How RAG Works

rag llm retrieval embeddings

What it is

RAG — Retrieval Augmented Generation — lets a language model answer questions using your documents instead of only what it memorised during training.

The idea is simple: before the model writes an answer, fetch a handful of the most relevant snippets from your knowledge base and paste them into the prompt. The model then composes a reply grounded in those snippets — not in whatever it half-remembers from the open internet.

In one sentence

Give the LLM the right pages from your library before it answers — so it reads first and writes second.

Why we need it

Large language models are powerful but bounded. RAG patches three of their most painful limits.

Knowledge cutoff frozen in time

The model only knows what existed when it was trained. Anything newer — last week's release notes, today's prices — it has never seen.

Hallucination confident but wrong

When the model is unsure, it often invents plausible-sounding facts. Grounding the answer in retrieved text dramatically reduces this.

Private data never trained on

Your wiki, your code, your customer tickets — the model has zero access to any of it unless you bring it in at query time.

The two phases

A RAG system runs in two distinct passes: an offline indexing pipeline you run once (and refresh as data changes), and an online query pipeline that runs every time a user asks something.

Phase 1 — Indexing (offline). Take your documents and turn them into a searchable vector store.

Step 1 Documents

Collect the source material: PDFs, wiki pages, support tickets, code, transcripts.

Step 2 Chunking

Split each document into bite-sized passages — paragraphs or fixed-size windows — small enough to fit in the prompt later.

Step 3 Embeddings

Run every chunk through an embedding model. Each chunk becomes a vector — a list of numbers that captures its meaning.

Step 4 Vector DB

Store the vectors (with the original text) in a vector database that can find nearest neighbours fast.

Phase 2 — Querying (online). When a user asks a question, fetch the most relevant chunks and let the LLM answer.

Step 1 Question

The user's question arrives in natural language.

Step 2 Embed query

Run the question through the same embedding model so it lives in the same vector space as your chunks.

Step 3 Vector search

Find the top-k chunks whose vectors are closest to the question vector — usually by cosine similarity.

Step 4 Build prompt

Stitch the retrieved chunks into a prompt template alongside the question and any system instructions.

Step 5 LLM answers

Send the prompt to the model. It writes the reply using the retrieved context as its source of truth.

Watch the flow

The animation walks the full pipeline end-to-end: documents are chunked and embedded into a vector store, then a question arrives, gets embedded, finds its nearest neighbours, and rides into the LLM as context for the final answer.

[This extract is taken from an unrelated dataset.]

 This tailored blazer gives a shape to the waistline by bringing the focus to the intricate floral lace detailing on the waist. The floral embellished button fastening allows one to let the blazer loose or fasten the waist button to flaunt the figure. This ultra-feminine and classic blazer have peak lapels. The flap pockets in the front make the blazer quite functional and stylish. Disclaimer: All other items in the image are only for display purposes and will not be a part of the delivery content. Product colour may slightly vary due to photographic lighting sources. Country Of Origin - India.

Embeddings, in one paragraph

An embedding is a fixed-length list of numbers (often 384, 768, or 1536 of them) produced by a neural network for a piece of text. The trick: texts with similar meaning land at nearby points in this high-dimensional space, so geometric closeness becomes a proxy for semantic similarity. That's why a question about "refund window" can pull back a chunk titled "return policy" even though they share no words — their vectors point in nearly the same direction. Closeness is usually measured with cosine similarity: the cosine of the angle between two vectors, ranging from -1 (opposite) through 0 (unrelated) to 1 (identical direction).

Chunking choices

How you cut up the documents has a bigger impact on quality than most people expect. Three knobs do most of the work.

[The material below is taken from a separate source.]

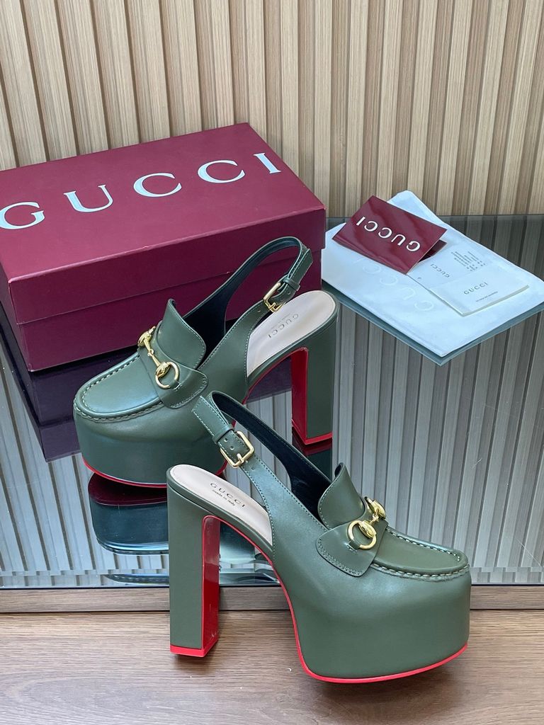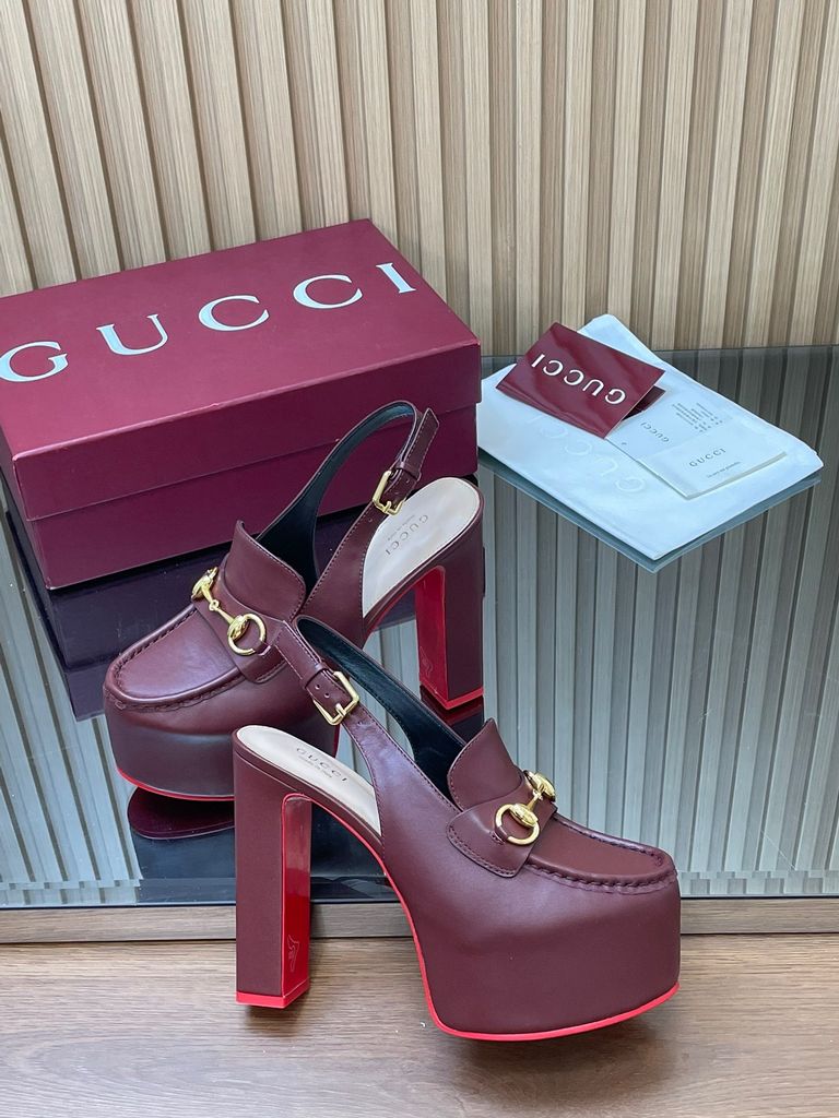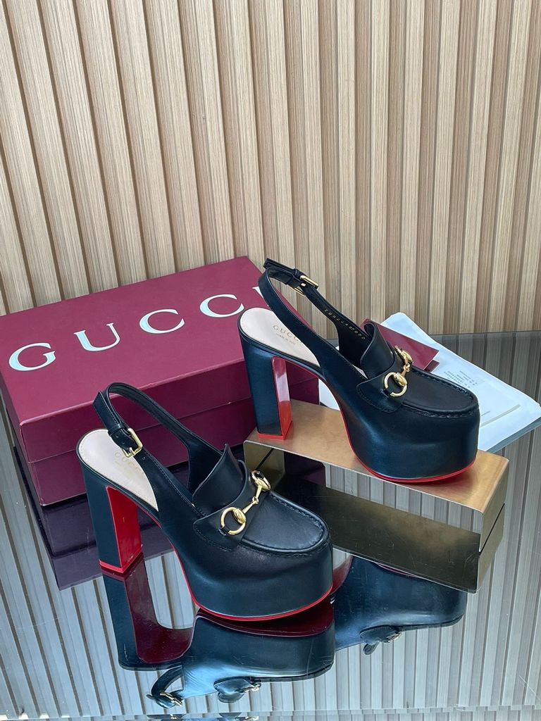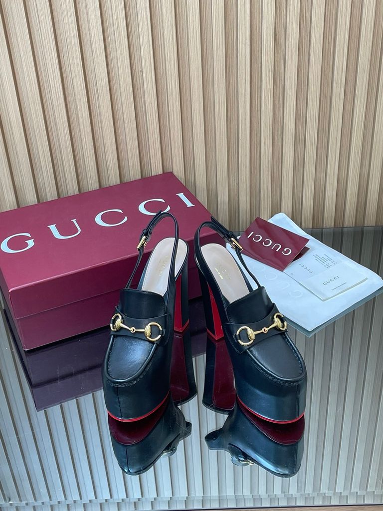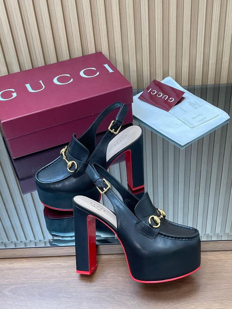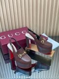 SANDAL CAO GÓT NỮ GC HORSEBIT PLATFORM GG DẬP NỔI DÁNG LOAFER SLINGBACK GÓT 14CM

Chunk size 200 – 1000 tokens

Too small and a chunk loses context. Too big and a single chunk crowds out room for others in the prompt — and dilutes the signal in its embedding.

Overlap 10 – 20%

Let consecutive chunks share a few sentences. Stops a key fact from being chopped in half right at a chunk boundary.

Fixed vs. semantic how to split

Fixed-size windows are simple and fast. Semantic splitting (by section, paragraph, or topic shift) keeps related ideas together and usually retrieves better.

When RAG helps — and when it doesn't

Works well when
  • The answer lives in a specific document the model has never seen
  • The corpus is large — too big to fit in any single prompt
  • Source data changes often and you can't keep retraining
  • You need citations back to the original passages
Struggles when
  • The question requires synthesising across many chunks at once
  • Retrieval brings back off-topic or contradictory passages
  • The answer needs multi-step reasoning beyond what the snippets contain
  • The corpus is tiny — just stuff it all in the prompt directly
Common pitfalls
  • Stale index — documents change but nobody re-embeds them. Answers quietly drift out of date.
  • Lost in the middle — LLMs pay most attention to the start and end of the prompt. Crucial chunks buried in the middle can be ignored.
  • Recall vs. precision — a low k may miss the relevant chunk; a high k floods the prompt with noise. Tune for your data.
  • No fallback — if retrieval returns nothing relevant, the model will still answer something. Detect low similarity scores and say "I don't know" instead.